Grant number: 25/04614-0
Support Opportunities:Scholarships in Brazil - Doctorate (Direct)
Start date: June 01, 2025
End date: May 31, 2029
Field of knowledge:Biological Sciences - Biophysics - Molecular Biophysics
Principal Investigator:Antonio José da Costa Filho
Grantee:Beatriz Bezerra de Macêdo
Host Institution: Faculdade de Filosofia, Ciências e Letras de Ribeirão Preto (FFCLRP). Universidade de São Paulo (USP).

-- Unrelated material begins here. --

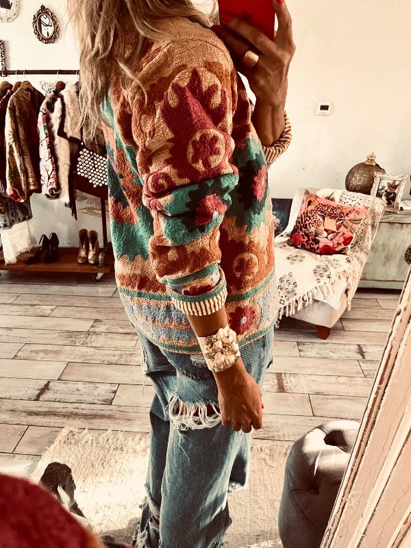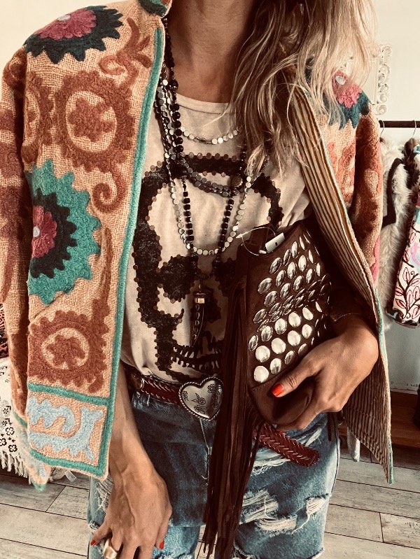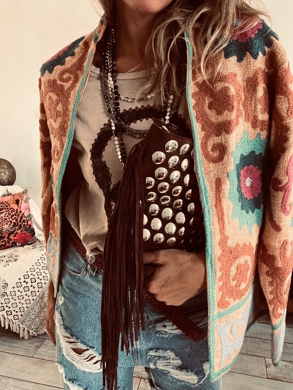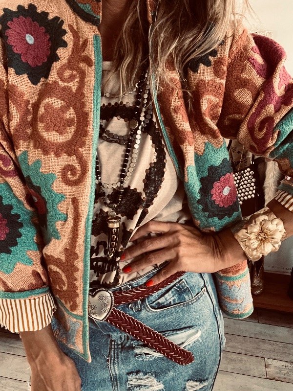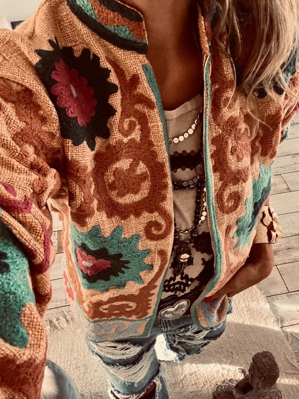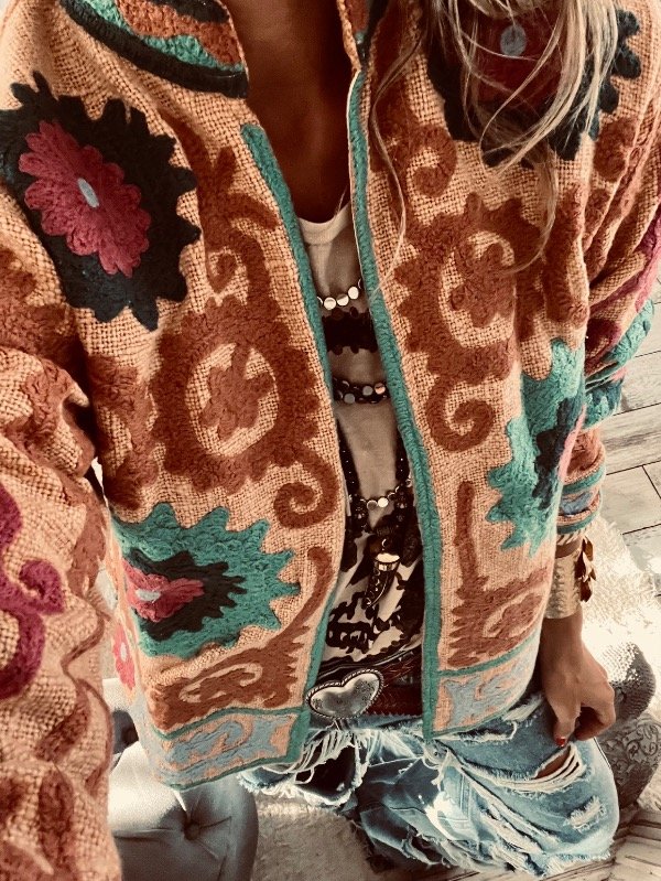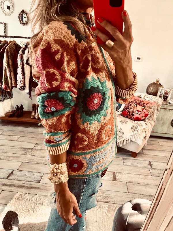 Chaqueta importada India forrada en tela rayada , toda bordada en mangas delantera y espalda , cuello mao

Ribeirão Preto , SP, Brazil
Associated research grant:23/04532-9 - The exquisite biophysics of the unconventional protein secretion: old and new looks to old and new problems, AP.TEM

Abstract

Golgi Reassembly and Stacking Proteins (GRASPs) are peripheral membrane-associated proteins initially identified for their role in the reorganization of Golgi cisternae. More recently, they have been implicated in unconventional protein secretion (UPS), an essential pathway for cellular homeostasis and stress responses. However, the precise molecular mechanisms governing GRASP function remain poorly understood. This project aims to expand our understanding of GRASPs by characterizing their biophysical and biochemical properties in Dictyostelium discoideum (DdGRASP) and Trypanosoma cruzi (TcGRASP), the causative agent of Chagas disease. By performing a comparative structural and dynamic analysis across different evolutionary branches of eukaryotes, we seek to explore their interaction promiscuity, conformational flexibility, and degree of intrinsic disorder, as well as their emerging role in the formation of biomolecular condensates. The potential impact of these structural features on the functional cycle of GRASPs is also a key focus of the project. To achieve these goals, we will combine spectroscopic and calorimetric techniques, X-ray crystallography, nuclear magnetic resonance (NMR), and membrane interaction assays to investigate the structural dynamics of these proteins and their propensity to undergo liquid-liquid phase separation (LLPS), forming biomolecular condensates. This study not only aims to unravel fundamental aspects of GRASP biology but may also provide valuable insights into novel therapeutic targets for infectious diseases. (AU)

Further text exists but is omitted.